Keywords: MT: RNA/DNA Editing, multiplex CRISPR, crRNA, CRISPR array, Golden Gate Assembly, AsCas12a, RfxCas13d, Pol II promoter, Pol III promoter

Graphical abstract

Zhao and colleagues designed a novel high-accuracy, cost- and time-saving strategy for CRISPR array assembly. Moreover, they revealed that CRISPR arrays driven by Pol II promoters exhibit a distinct expressing pattern compared with Pol III promoters. Based on these findings, we designed improved approaches for expressing long CRISPR arrays.

Introduction

Over the past decade, following the pioneering discovery and eukaryotic implementation of the CRISPR-Cas9 system,¹^,²^,³ a growing number of new CRISPR systems have been developed.⁴ As a substrate of the best-known Cas9, DNA is no longer the only target within our reach. With the discovery of various RNA-targeting Cas nucleases,⁵^,⁶^,⁷^,⁸^,⁹^,¹⁰^,¹¹ RNA can now be precisely targeted, further extending our range of genetic manipulation from the genome to the transcriptome. Moreover, by combining transcriptional activators,¹² repressors,¹³ base editors,¹⁴ epigenetic enzymes,¹⁵ reverse transcriptases,¹⁶ and tagging molecules,¹⁷ these RNA-guided effectors have magnified the molecular toolbox of basic research.
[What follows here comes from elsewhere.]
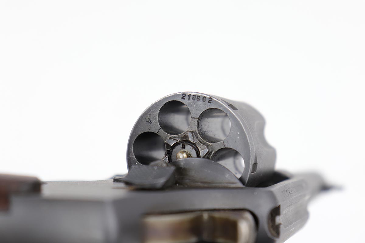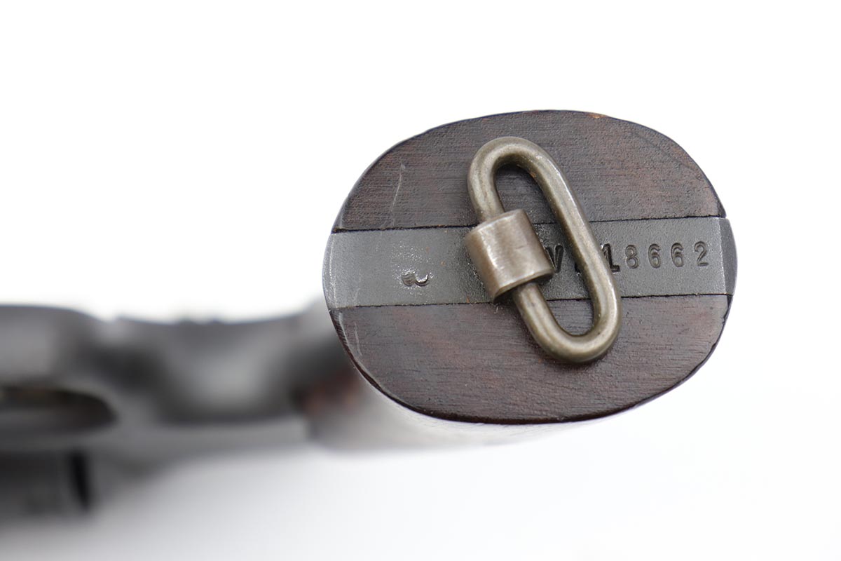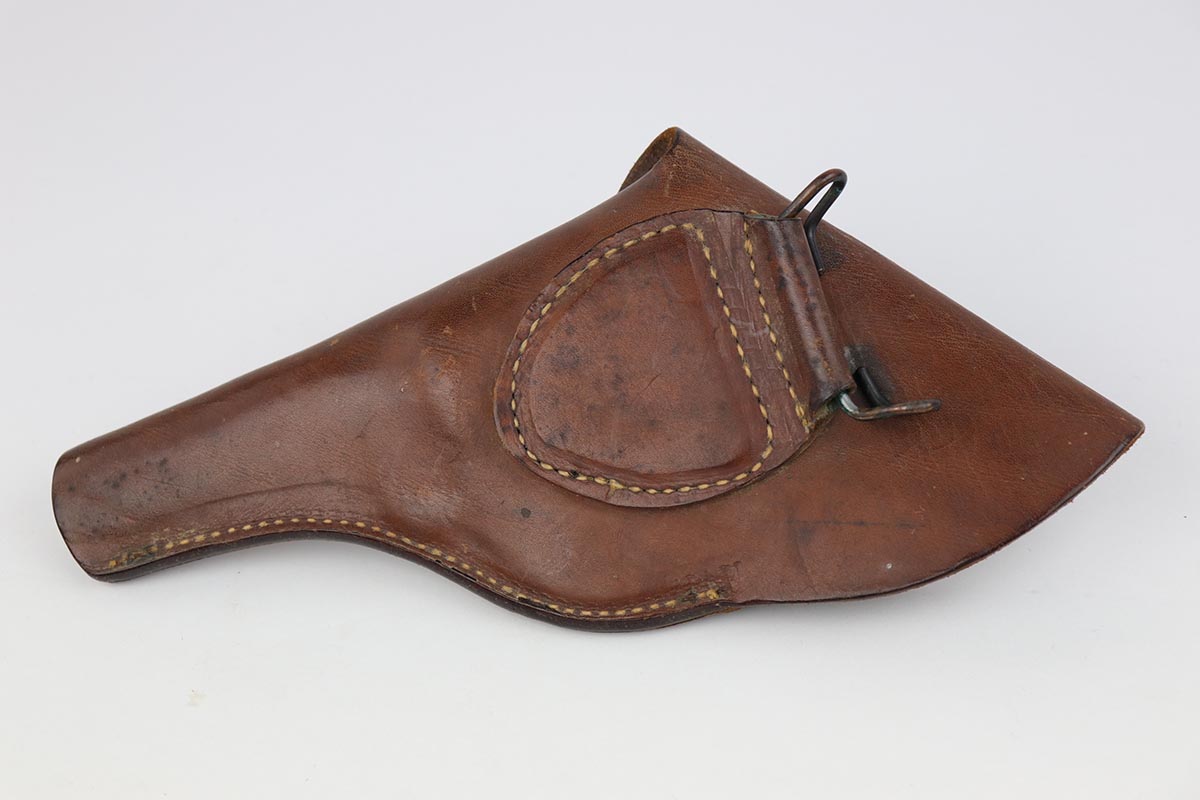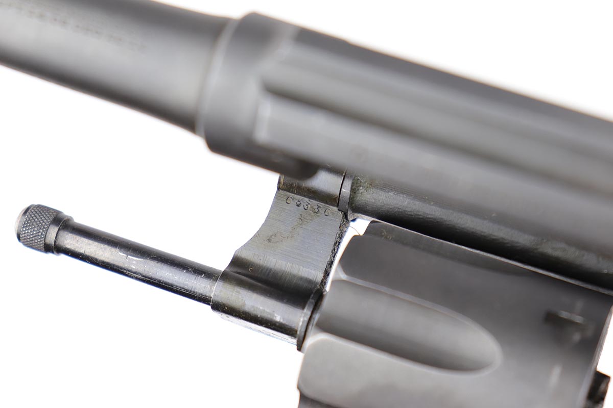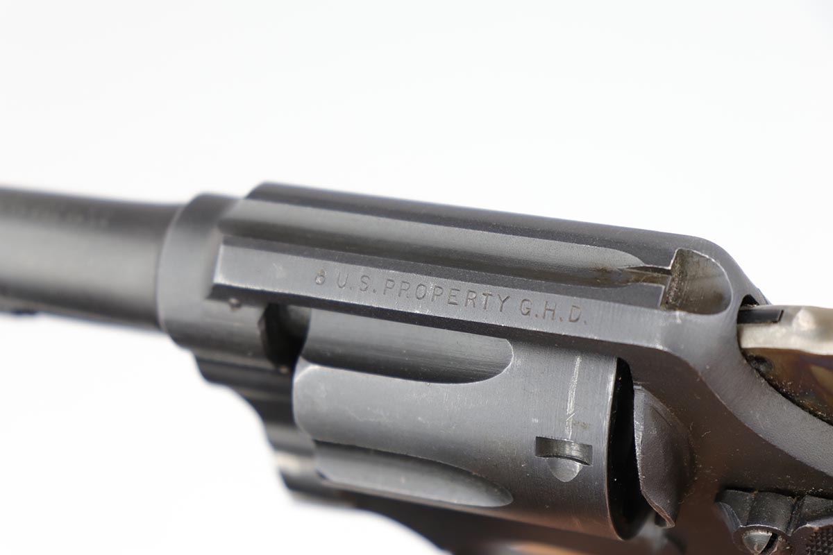 5/9/19 – This is an excellent Smith & Wesson Victory Model from World War II. It is U.S. Property marked and G.H.D (Guy H. Drewry) inspector marked. The original finish is about 97% with minor thinning from the holster and various scuff marks. Minty bore. Made from 1942 to 1944, with a production run of ~500,000. They were standard issued side arms for US Navy and Marine air crews due to their size and ease of operation. It is .38 S&W special. Super smooth action. Comes with excellent, period original holster.

Most important, the CRISPR systems have demonstrated unlimited potential for the treatment of a growing number of incurable genetic diseases.¹⁸^,¹⁹^,²⁰^,²¹^,²²^,²³

As indicated by the definition of CRISPR, the natural CRISPR RNA (crRNA) in bacteria and archaea is usually not transcribed individually but in a clustered preform from a genomic locus called the CRISPR array, which consists of a succession of direct repeats (DRs) separated by distinct spacers.⁴ Subsequently, the transcribed pre-crRNA is processed into a series of mature crRNAs, each containing a single spacer and a truncated DR. Unlike Cas9, which requires an additional transactivating crRNA to form a final guide RNA with the crRNA (usually replaced in practice by a chimeric single guide RNA), many other CRISPR systems use mature crRNAs directly as guide RNAs. Moreover, the Cas nucleases in these systems typically possess the ability to process pre-crRNAs.⁴ These two features render these Cas effectors more amenable to multiplex CRISPR, because a single array is sufficient to express all the required crRNAs.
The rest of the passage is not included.